What you have to do »
Scan the records below for the line with "文艺复古竖条纹纯棉休闲长袖衬衫" and the line with "Sport T-Lady Uhr". Repeat those two lines and every line between them exactly, and nothing else.

Supplied material »
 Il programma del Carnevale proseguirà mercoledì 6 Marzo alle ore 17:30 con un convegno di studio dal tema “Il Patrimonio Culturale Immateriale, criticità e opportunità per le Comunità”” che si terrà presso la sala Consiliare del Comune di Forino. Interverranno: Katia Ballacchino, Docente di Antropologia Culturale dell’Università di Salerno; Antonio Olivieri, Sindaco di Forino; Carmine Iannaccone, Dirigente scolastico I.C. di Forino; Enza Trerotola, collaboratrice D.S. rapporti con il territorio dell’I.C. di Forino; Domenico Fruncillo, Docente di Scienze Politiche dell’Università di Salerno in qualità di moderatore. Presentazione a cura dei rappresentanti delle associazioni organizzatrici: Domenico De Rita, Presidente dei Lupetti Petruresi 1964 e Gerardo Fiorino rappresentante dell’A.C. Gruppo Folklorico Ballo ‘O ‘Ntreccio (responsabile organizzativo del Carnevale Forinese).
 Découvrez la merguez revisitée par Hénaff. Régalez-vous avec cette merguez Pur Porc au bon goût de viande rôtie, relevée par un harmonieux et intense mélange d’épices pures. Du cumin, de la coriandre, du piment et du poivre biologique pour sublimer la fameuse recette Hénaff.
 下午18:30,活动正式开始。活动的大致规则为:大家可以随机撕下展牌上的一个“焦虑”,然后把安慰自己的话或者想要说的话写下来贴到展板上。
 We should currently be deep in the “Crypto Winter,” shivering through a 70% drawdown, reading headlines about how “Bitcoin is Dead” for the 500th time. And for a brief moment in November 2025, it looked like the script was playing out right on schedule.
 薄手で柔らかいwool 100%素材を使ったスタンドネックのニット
* * *
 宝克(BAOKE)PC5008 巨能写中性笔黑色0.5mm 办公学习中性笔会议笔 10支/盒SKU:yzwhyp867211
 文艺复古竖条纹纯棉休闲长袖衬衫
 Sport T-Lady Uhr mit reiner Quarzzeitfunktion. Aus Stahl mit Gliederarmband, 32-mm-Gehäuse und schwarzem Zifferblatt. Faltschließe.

The answer »
 文艺复古竖条纹纯棉休闲长袖衬衫
 Sport T-Lady Uhr mit reiner Quarzzeitfunktion. Aus Stahl mit Gliederarmband, 32-mm-Gehäuse und schwarzem Zifferblatt. Faltschließe.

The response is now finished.